Sierra Wireless Buys Junxion
Seattle-based Junxion, which rose from the ashes of wireless data operator Monet Mobile Networks in September 2004, developed a box that allows users to remotely connect to WiFi and share cellular connections. (See Junxion's Cell Through.)
The "Junxion Box" is certified with several wireless carriers and allows utilities and enterprises to deploy WiFi connectivity in places that have cellular coverage but no wired connections. For instance, the Junxion Box has been used to provide 802.11 links on buses. (See Wireless Bus Fuss and Making Tracks With the MTA.)
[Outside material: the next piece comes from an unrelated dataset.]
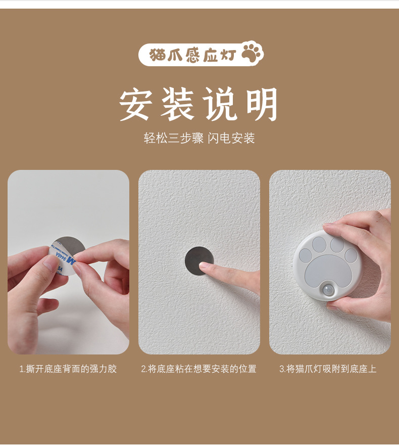 인체 감지 야간등 스마트 LED 조명 해외 도매 주방 복도 무타공 자석 고양이 발톱등 야광스토어 가기
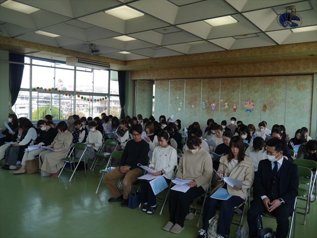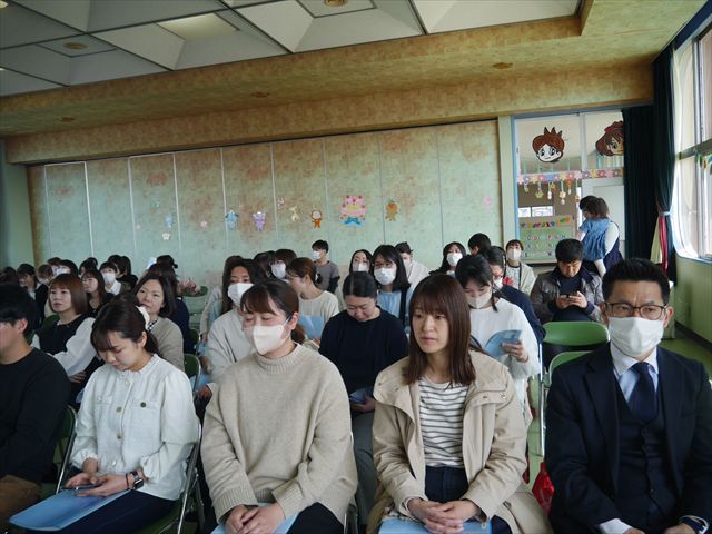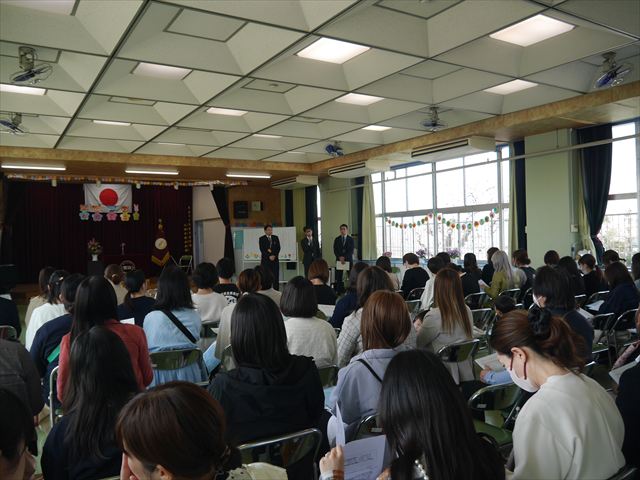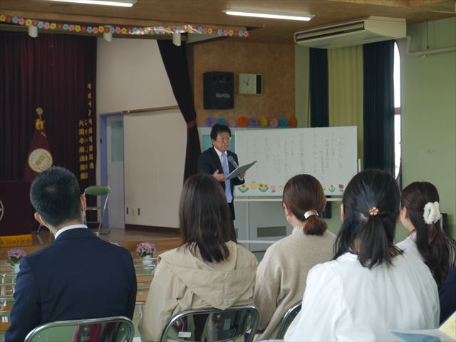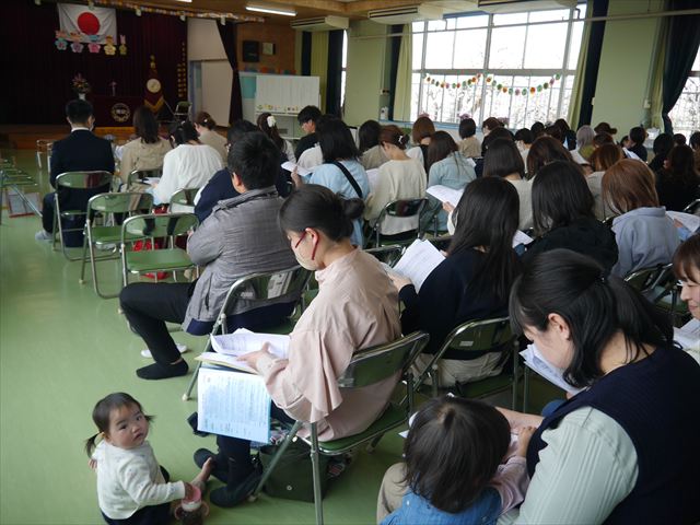 始業式の後、遊戯室で「市こども課職員説明と園長講話と教頭説明」を行い、いろいろ話をさせていただきました。市職員によるみどり市の保育料・無償化に関しては、遠慮無く市へお問い合わせください。また、今年度の改善点や経営方針や諸連絡がいろいろありましたが、是非ご理解いただければと思います。分からない点は遠慮無くご連絡ください。とにかく保護者の皆さん、今年度もご協力ご支援をよろしくお願い申し上げますm(_ _)m <(_ _)>

The concept of the Junxion Box is not far removed from the currently trendy idea of the femtocell or home basestation. Both are forms of wireless repeaters. The Junxion box, however, uses a 3G cellular connection to front-end other wireless connections, while femtocells offload wireless traffic onto a wired connection. This makes the box more suitable for remote office and other enterprise connectivity tasks.
Junxion's technology is supported by AT&T Inc. (NYSE: T), Sprint Corp. (NYSE: S), and Verizon Wireless and incorporated in some Qualcomm Inc. (Nasdaq: QCOM) cellular routers. (See Qualcomm's Home Invasion.) The firm's main competitor in the remote wireless game is Cisco Systems Inc. (Nasdaq: CSCO).
Sierra plans to integrate Junxion's products with its mobile and machine-to-machine groups.